In November 2016, Abby brought a giant beanbag chair to school.
I had purchased a cheaper one a year or so before for the classroom. Adam had recommended it; it would be a nice place to nap or study, he said. Amazon had one coming my way within hours of his suggestion.
That one cost $32, and it aged like the bargain it was. The perfect school-purple exterior hid weak guts: its beans flattened out within a few weeks of regular use. Students still napped on it—the powerful magnetism of teenage sleep knows few bounds—but it looked flat and awkward far too soon.
Abby’s was much better. She doesn’t remember exactly why she brought it, although her hypothesis matches what I remember:
I think it was a combo of [things]. I wasn’t using it at home anymore, and we were always sitting on the floor of your room like during your other classes and [at] lunch…I thought it would make [that] more comfy? And side note: it definitely did—I took so many naps there and remember them fondly!
Indeed: Abby’s chair elevated the environment immediately. Although the limp purple smudge I’d bought remained, there was no contest for coziness. Her beanbag, bloated, round, and wide, became a mainstay in the front corner by my desk. Maia would do homework on it during her TA period, Marielle would browse Instagram there before first period, and Khaya would nap on it after school. Rebekah once fell so soundly asleep on it that she missed two minis.
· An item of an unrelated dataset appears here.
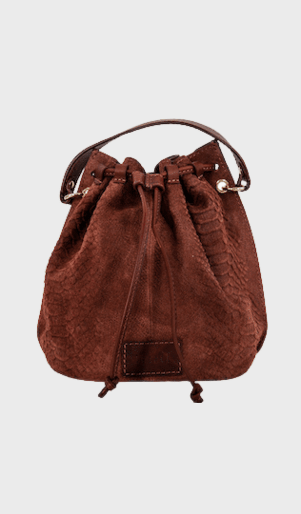 BELIEVE by DétaiL is a brown chestnut leather bag with anaconda patterned detail. Wear it also as a statement backpack. Elevate your outfit to the next level of stylish with this bag.
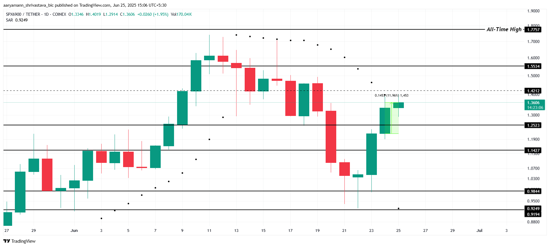 Parabolic SAR的支持,一个突出的技术指标,显示出强劲的上升趋势和价格有潜力突破1.42美元并转化为支持,同时为达到下一个阻力位1.55美元创造机会。然而,如果无法突破该阻力位,SPX可能会面临卖压,价格可能会回落到1.25美元,导致市场情绪的下降。

I couldn’t wake her; I stopped trying.
I’ve never been a beanbag chair person, bad back and whatnot, but damned if people didn’t make that thing look inviting. That was my favorite part about it: it provided incontrovertible evidence that people felt comfortable around me. I spent more hours at school during those years than I did at my house, and I loved that the massive beanbag chair facilitated a cozy atmosphere like one’s residence should. When people said they felt like the classroom was home, I believed them. That’s what I wanted them to feel. Abby’s gift made that real.
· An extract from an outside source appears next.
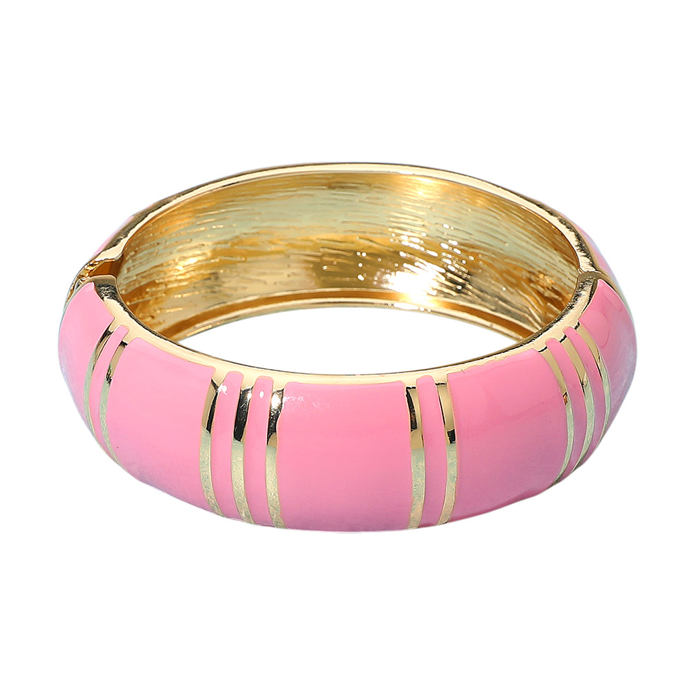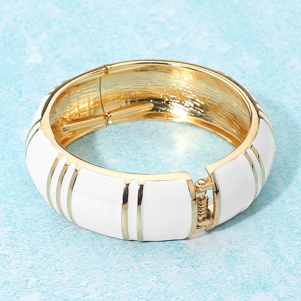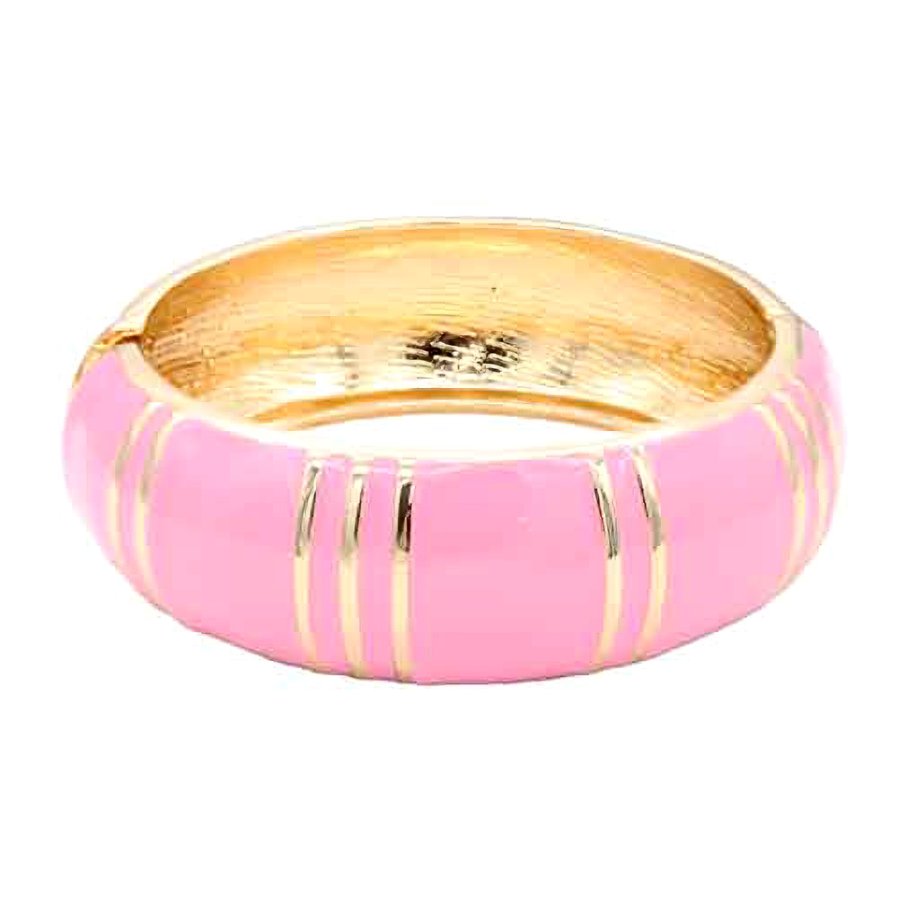 Details • Size : 0.9" H, 2.5" D • Hinged Closure • Chic dome-shaped bracelet featuring sleek striped accents and a smooth polished finish. Designed with a secure hinged closure for comfort and ease, this bold fashion accessory adds modern sophistication and a refined touch to any outfit or occasion. • Lead and Nickel Compliant

Still, beyond all its good, there was a weird quirk to the piece Abby brought in: its design. The beanbag chair was not some shoeless Goomba like mine but a monkey. From many angles, you’d never see it, but the thing had a smiling face on an oval head and limp noodle arms with light paws that evoked Curious George even though it looked like it had swallowed a beach ball.
Greater lore remained: Abby claimed there was a frog inside. That first day she brought it, she unzipped a section hidden below a flap and flashed an oval of green at me. I had assumed it was some sort of reversible design, but she admitted to attempting a bean transfusion from her oldest sister’s unused amphibian. When she grew frustrated, she shoved the entire frog inside her own and called it a day.
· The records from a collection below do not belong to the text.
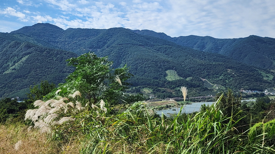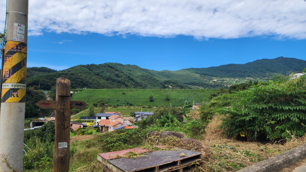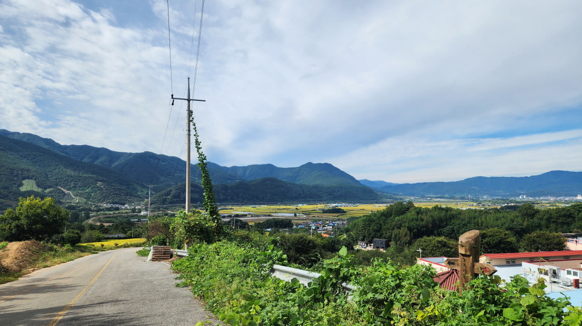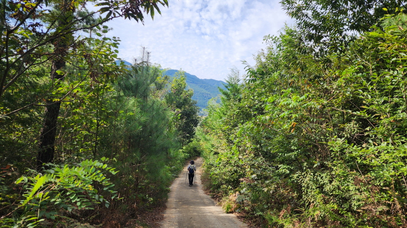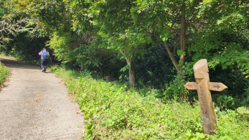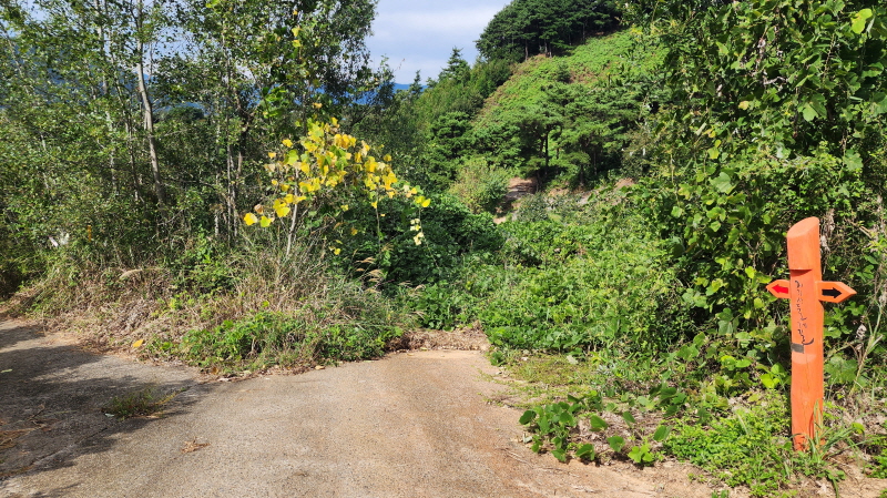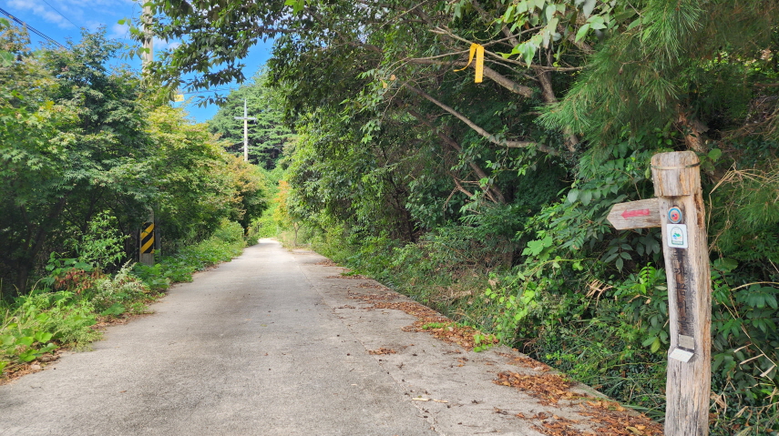 전에는 흙이 었던 농로길들이 시멘트 포장이 되어 있고, 산중턱까지 전원주택 단지가 들어서서 포장길을 내려와야 하는 점이 싫지만 마을길을 제외하고는 거의 숲길이어서 가을에는 걸을만하다.
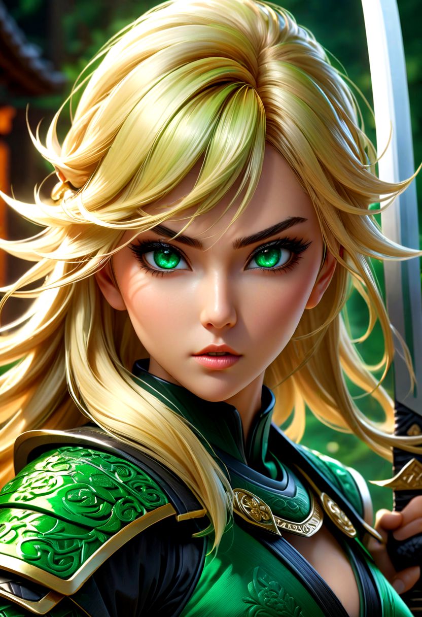 masterpiece,HDR,trending on artstation,sharp focus,high contrast,8K,Hyper-detailed,intricate details,cinematic lighting, <lora:add-detail-xl:1> perfect eyes, crystal clear eyes, nsfw, hyper maximalist , green theme, blonde hair, image presents a stylized ninja, characterized by vibrant and abstract splashes of emerald green. the main figure, the ninja, is depicted in a dynamic pose, holding a sword, which suggests action or combat. the background features bold and expressive brush strokes that create an energetic atmosphere. the colors used are vivid and varied, with multiple shades and hues creating a lively visual experience. overall, the style can be described as modern and artistic, with a strong emphasis on movement and energy.
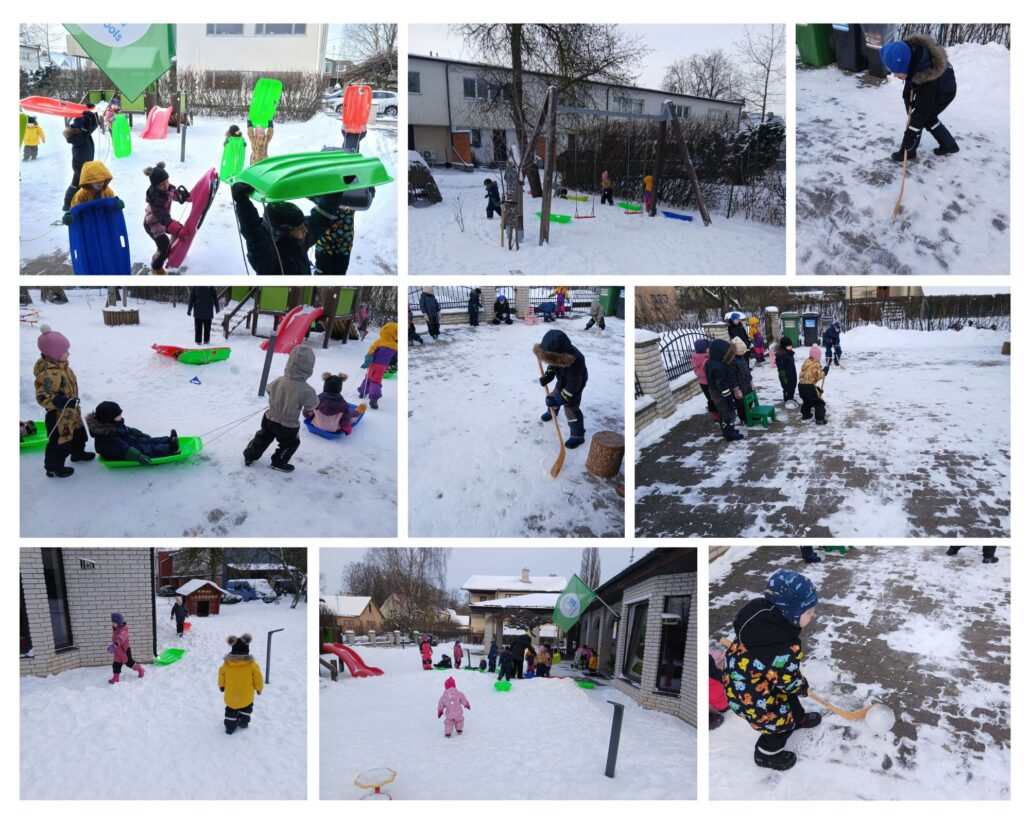 Spordipäev algas hommikul hommikuvõimlemisega toas. Pärast seda mindi õue, kus toimus paarides kelguga aiaäärse raja sisse vedamine. Paarilised vahetusid. Hiljem toimus jääkuulide otsimine ning võistlusmängud jääkuulide veeretamises hokikeppidega. Toas toimus diplomite ja õuntega väikeste sportlaste autasustamine.

Abby graduated in 2017, but her beanbag chair stuck around. And it continued to be used in precisely the same way it had among her peers. Colleagues’ kids played on it; college students visited and curled up on it. I had many heartfelt conversations while uncertain-eyed students sat on it, clinging to this massive monkey like it was the raft in Castaway. It shows up in the corner of countless photos. It wasn’t a landmark or anything, but it was a fundamental part of the classroom that every visitor saw. It sat there when the Teacher of the Year committee visited. The Superintendent had to step forward to avoid bumping it when he presented the award to me.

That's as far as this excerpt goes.